-- Prompt --
Give back the lines of the entries below exactly as written, from the first line to the line holding "- 𝟑𝟔𝟎-𝐃𝐞𝐠𝐫𝐞𝐞 𝐅𝐥𝐮𝐬𝐡𝐢𝐧𝐠: The", both included, with the pictures omitted.

-- Working data --
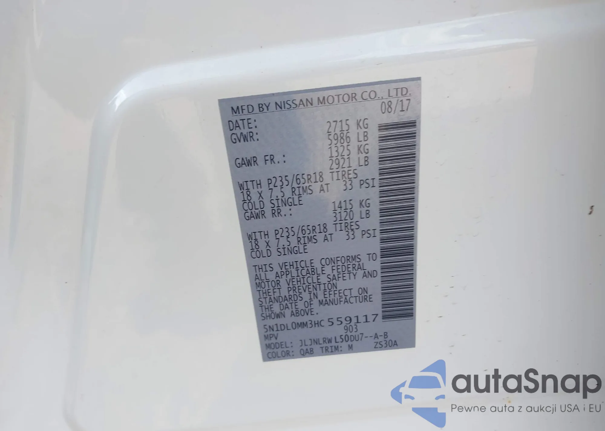 • VIN 5N1DL0MM3HC559117
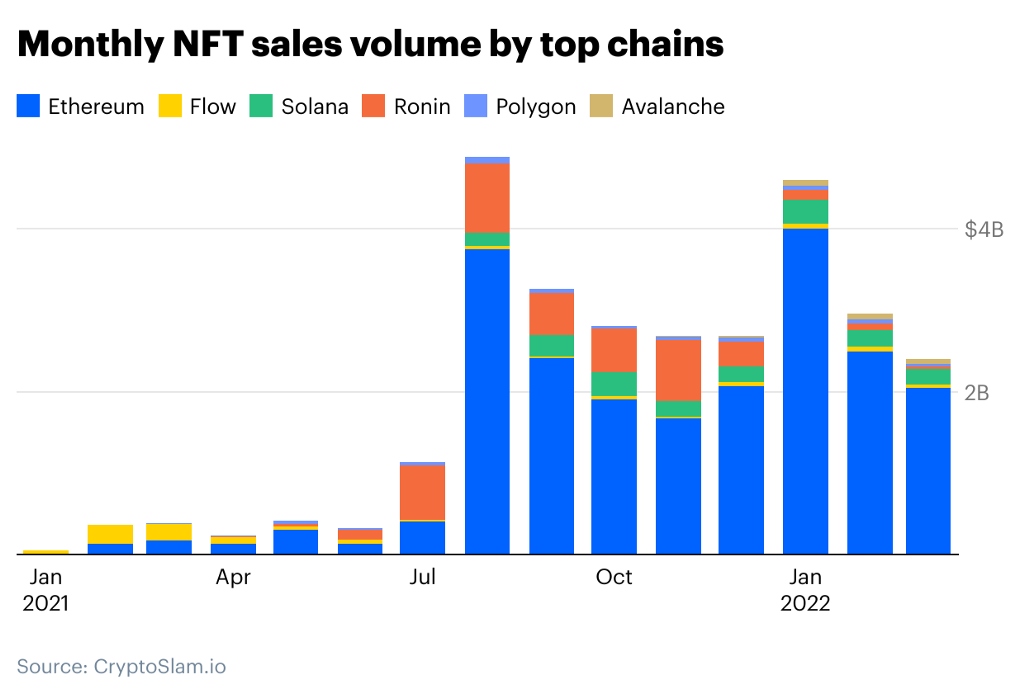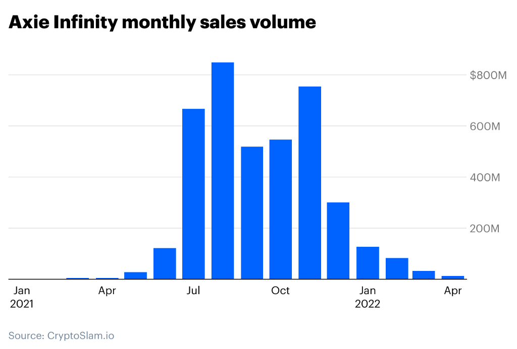Blockchain based gaming had its coming out party in 2021 centered around the rise of Axie Infinity. Sales of Axie Infinity NFTs peaked at a staggering $848M in August before falling precipitously. (Note that despite the obvious trend reversal and a major hack, Axie still posted a respectable $30M in March NFT sales).
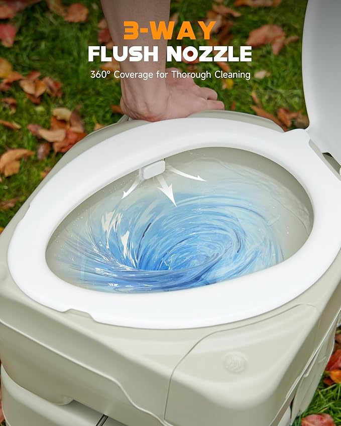 - 𝟑𝟔𝟎-𝐃𝐞𝐠𝐫𝐞𝐞 𝐅𝐥𝐮𝐬𝐡𝐢𝐧𝐠: The 3-way flush nozzle and high-pressure bellows pump provide full coverage for thorough cleaning with each flush. With a 2.9 gal. water tank allowing about 100 flushes and a spacious 5.3 gal. waste tank, this RV toilet offers convenience for extended stays.
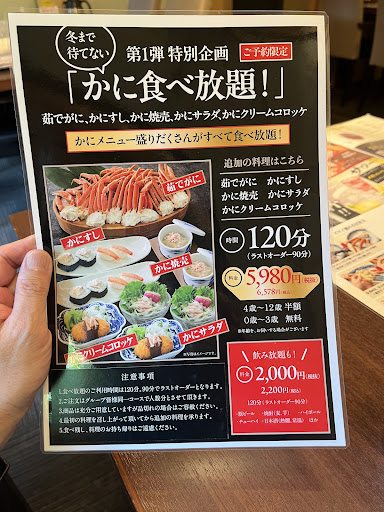 Read moreカニ食べ放題第一弾で利用しました。 枚方がんこ寿司は何度か利用していましたが寝屋川店は初めての利用。 え?こんな所に?な場所にお店がありました。 11時30分に予約してましたが早くに到着したので入店したら、すぐに案内してくださいました。 店員さんの接客は親切丁寧です。 カニ食べ放題でしたが他の料理も美味しく特に巻き寿司は美味しかったです。 カニをおかわりするたびに新しいおしぼりをくれるなど嬉しいサービス。 味はもちろん、がんこ寿司やから間違いないです。 カニサラダ、カニクリームコロッケも美味しかったです。 もちろん茹でガニも身が詰まってて6回もおかわりしてしまいました。 食べ過ぎてごめんなさい。 第二弾も利用させて頂きたいです。 ご馳走様でした。 星が4個なのは、もう少し安かったらなぁの4個です。 お値段...
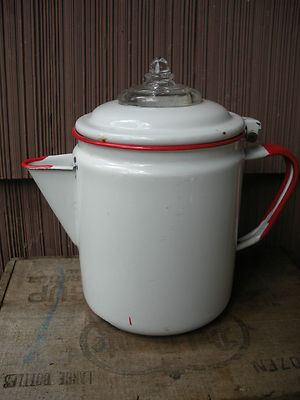 Title (ebay affiliate link): Vintage Enamelware White Coffee Pot With Red Trim And Glass Insert
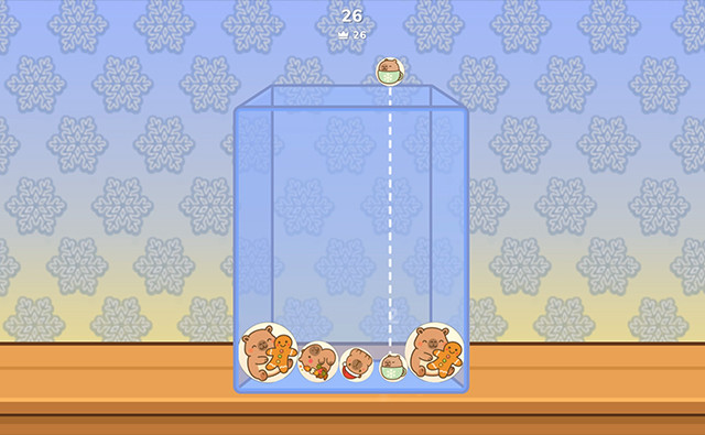 Capybara Xmas Merge ist ein entspanntes und warmes Fusionsspiel mit niedlichen Weihnachtscapybaras. Du kombinierst diese festlichen Kreaturen, indem du sie in eine Box fallen lässt, wo sie rollen und gegeneinander stoßen, um sich in immer größere und lustigere Figuren zu verwandeln. Das Ziel ist es, riesige Capybaras zu erschaffen, Punkte zu sammeln und die gemütliche Winteratmosphäre zu genießen. Berühre den Bildschirm, um ein Capybara in das Glas fallen zu lassen. Wenn sich zwei identische Capybaras berühren, verschmelzen sie automatisch zu einem größeren. Du musst deine Platzierungen sorgfältig planen, da der Platz schnell knapp wird und du vermeiden musst, den Behälter zu überfüllen. Je mehr große Fusionen du erschaffst, desto höher steigt deine Punktzahl. Die Herausforderung besteht darin, das größte Capybara zu bauen, bevor dir der Platz ausgeht. Dieses Denk- und Strategiespiel bietet ein entspannendes und festliches Erlebnis, ideal für Pausen während der Feiertage. Viel Spaß!
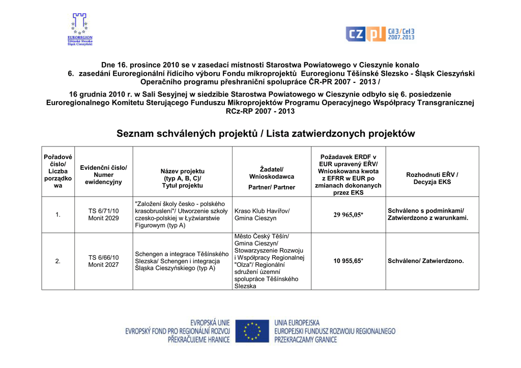 Dne 16. prosince 2010 se v zasedací místnosti Starostwa Powiatowego v Cieszynie konalo 6. zasedání Euroregionální řídícího výboru Fondu mikroprojektů Euroregionu Těšínské Slezsko - Śląsk Cieszyński Operačního programu přeshraniční spolupráce ČR-PR 2007 - 2013 / 16 grudnia 2010 r. w Sali Sesyjnej w siedzibie Starostwa Powiatowego w Cieszynie odbyło się 6. posiedzenie Euroregionalnego Komitetu Sterującego Funduszu Mikroprojektów Programu Operacyjnego Współpracy Transgranicznej RCz-RP 2007 - 2013 Seznam schválených projektů / Lista zatwierdzonych projektów Pořadové číslo/ Liczba porządko wa Evidenční číslo/ Numer ewidencyjny 1. TS 6/71/10 Monit 2029 "Založení školy česko - polského krasobruslení"/ Utworzenie szkoły czesko-polskiej w Łyżwiarstwie Figurowym (typ A) TS 6/66/10 Monit 2027 Město Český Těšín/ Gmina Cieszyn/ Stowarzyszenie Rozwoju Schengen a integrace Těšínského i Współpracy Regionalnej Slezska/ Schengen i integracja "Olza"/ Regionální Śląska Cieszyńskiego (typ A) sdružení územní spolupráce Těšínského Slezska 2. Název projektu (typ A, B, C)/ Tytuł projektu Žadatel/ Wnioskodawca Partner/ Partner Kraso Klub Havířov/ Gmina Cieszyn Požadavek ERDF v EUR upravený EŘV/ Wnioskowana kwota z EFRR w EUR po zmianach dokonanych przez EKS Rozhodnutí EŘV / Decyzja EKS 29 965,05* Schváleno s podmínkami/ Zatwierdzono z warunkami. 10 955,65* Schváleno/ Zatwierdzono. 3. TS 6/68/10 Monit 2018 Poznávejte region trojmezí (typ B) GOTIC, příspěvková organizacje/ Gmina Istebna 10 174,50* Schváleno s podmínkou/ Zatwierdzono z warunkiem. 4. ŚC 6/105/10 Monit 2024 Poznajcie region Trójstyku (typ B) Gmina Istebna/ GOTIC, příspěvková organizacje 16 022,50* Schváleno s podmínkou/ Zatwierdzono z warunkiem. 5. ŚC 6/102/10 Monit 2021 Dwa miasta - jedna tradycja / Dvě města - jedna tradice (typ B) 10 561,28* Schváleno/ Zatwierdzono. 6. ŚC 6/109/10 Monit 2031 Rowerem po Euroregionie. Tworzenie i rozwój prod. turyst. w oparciu o system szlaków rowerowych ERŚC (typ B) 30 000,00* Schváleno s podmínkou/ Zatwierdzono z warunkiem. 7. TS 6/62/10 Monit 2019 Trojmezí - to nás spojuje (typ B) 9 936,00* Schváleno s podmínkami/ Zatwierdzono z warunkami. 8. TS 6/70/10 Monit 2025 Dvě města-jedna tradice (typ B) 30 000,00* Schváleno/ Zatwierdzono. 9. ŚC 6/100/10 Monit 2017 30 000,00* Schváleno/ Zatwierdzono. 10. TS 5/57/10 Monit 1733 15 189,50* Schváleno/ Zatwierdzono. 11. ŚC 6/106/10 Monit 2026 21 139,50* Schváleno s podmínkami/ Zatwierdzono z warunkami. Muzeum Śląska Cieszyńskiego/ Muzeum Těšínska, p.o. Stowarzyszenie Rozwoju i Współpracy Regionalnej 'Olza'/ Regionální sdružení územní spolupráce Těšínského Slezska Sdružení obcí Jablunkovska/ Gminny Ośrodek Kultury - Biblioteka Publiczna w Istebnej Muzeum Těšínska, p.o./ Muzeum Śląska ieszyńskiego Jabłonków-Wisła na turystycznych Gmina Wisła/ Město ścieżkach transgranicznych - etap Jablunkov II (typ B) Regionální sdružení Chceme, abyste o nás věděli! ER územní spolupráce TS-ŚC škola evropské integrace Těšínského Slezska/ a prohlubování vzájemné důvěry. Stowarzyszenie Rozwoju (typ B) i Współpracy Regionalnej 'Olza' Gminny Ośrodek Kultury - Biblioteka Publiczna Trójstyk - to nas łączy (typ B) w Istebnej/ Sdružení obcí Jablunkovska 12. TS 6/63/10 Monit 2010 Jablunkov - Wisła na turistických Město Jablunkov/ Gmina přeshraničních stezkách - II. etapa Wisła (typ B) Gminny Ośrodek Kultury w Jasienicy/ Místní skupina Polského kulturně -osvětového svazu v Třinci - Dolní Lištné/ Místní organizace PZKO v Českém Těšíně - Svibice Muzeum Śląska Cieszyńskiego/ Muzeum Těšínska, p.o. 23 740,00* Schváleno s podmínkou/ Zatwierdzono z warunkiem. 20 565,96* Schváleno s podmínkami/ Zatwierdzono z warunkami. 25 262,74* Schváleno/ Zatwierdzono. 13. ŚC 6/117/10 Monit 2207 Na pograniczu kultur. Polsko -czeskie spotkania artystyczne Leszna Dolna-Jasienica-Sibica (typ B) 14. ŚC 6/101/10 Monit 2020 Muzeum otwarte na świat (typ C) 15. ŚC 6/95/10 Monit 2007 Bogaci tradycją. Obrzędowość na pograniczu polsko-czeskim (II edycja) (typ C) Gminny Ośrodek Kultury w Jasienicy/ Místní skupina PZKO Guty 8 193,47* Schváleno s podmínkou/ Zatwierdzono z warunkiem. 16. TS 6/73/10 Monit 2205 Místní skupina Polského Přes hranice kultur. Česko kulturně -osvětového - polská umělecká setkání - Třinec svazu v Třinci - Dolní - Dolní Lištna (typ B) Lištné/ Gminny Ośrodek Kultury w Jasienicy 30 000,00* Schváleno s podmínkou/ Zatwierdzono z warunkiem. 17. ŚC 6/98/10 Monit 2015 Dzieci i kultura bez granic (typ B) Gmina Strumień/ Obec Dolní Domaslavice 11 476,91* Schváleno s podmínkami/ Zatwierdzono z warunkami. 18. ŚC 6/111/10 Monit 2034 Hokej bez granic (typ C) Jastrzębski Klub Hokejowy GKS Jastrzębie/ Sportovní klub 14 981,00* Schváleno s podmínkou/ Zatwierdzono z warunkiem. 19. ŚC 6/116/10 Monit 2038 Transgranicznie dla Dzieci. Centrum Współpracy Kulturalno – Turystycznej Chybie – Terlicko, etap II (typ C) Gmina Chybie/ Obec Těrlicko 26 072,00* Schváleno/ Zatwierdzono. 20. TS 6/74/10 Monit 2204 21. ŚC 5/92/10 Monit 1736 22. TS 6/75/10 Monit 2213 23. TS 6/59/10 Monit 2005 24. TS 6/65/10 Monit 2012 25. TS 6/69/10 Monit 2022 26. ŚC 6/107/10 Monit 2028 27. ŚC 6/97/10 Monit 2014 Místní organizace PZKO v Přes hranice kultur. Česko Českém Těšíně – Svibice/ - polská umělecká setkání - Český Gminny Ośrodek Kultury Těšín – Svibice (typ B) w Jasienicy Robotniczy Klub Sportowy Po sąsiedzku, na sportowo i bez "Cukrownik" Chybie/ granic (typ C) Fotbalový klub Regionální sdružení územní spolupráce Bezpečná kapacita E 75 (typ C) Těšínského Slezska/ Powiat Cieszyński Základní škola a mateřská škola Stanisława Hadyny s polským jazykem Zimní olympiáda - 40. ZJAZD vyučovacím/ Gminny GWIAŹDZISTY (typ C) Ośr
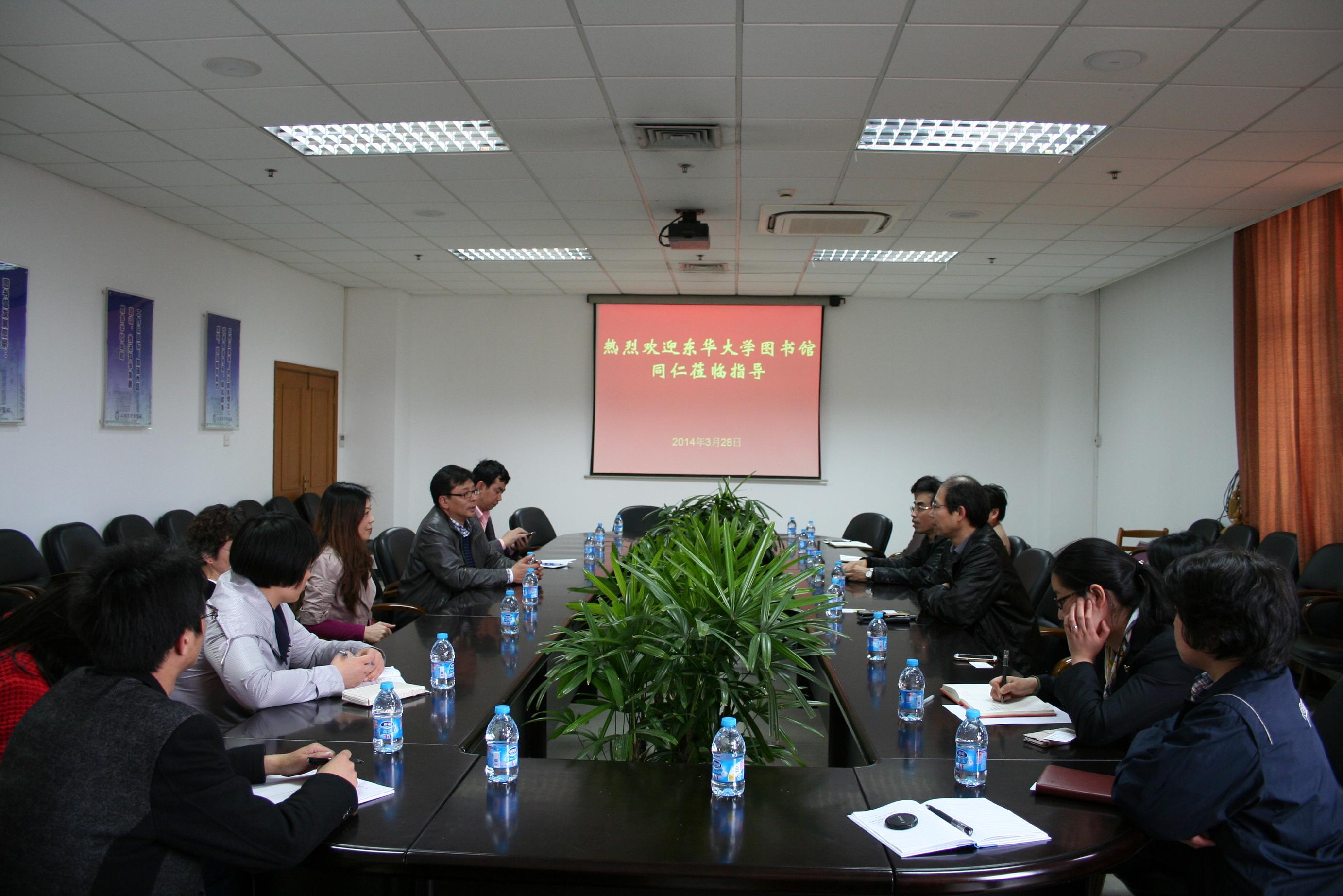 2014年3月28日下午,东华大学图书馆施敏俊副馆长一行7人来馆交流,图书馆读者服务中心、信息服务中心以及办公室等部门参加了交流,党总支书记、常务副馆长陆铭同志、馆长助理徐志娟同志参加了交流,读者服务中心主任王玉富同志主持了交流会。

-- The answer --
 • VIN 5N1DL0MM3HC559117
Blockchain based gaming had its coming out party in 2021 centered around the rise of Axie Infinity. Sales of Axie Infinity NFTs peaked at a staggering $848M in August before falling precipitously. (Note that despite the obvious trend reversal and a major hack, Axie still posted a respectable $30M in March NFT sales).
 - 𝟑𝟔𝟎-𝐃𝐞𝐠𝐫𝐞𝐞 𝐅𝐥𝐮𝐬𝐡𝐢𝐧𝐠: The 3-way flush nozzle and high-pressure bellows pump provide full coverage for thorough cleaning with each flush. With a 2.9 gal. water tank allowing about 100 flushes and a spacious 5.3 gal. waste tank, this RV toilet offers convenience for extended stays.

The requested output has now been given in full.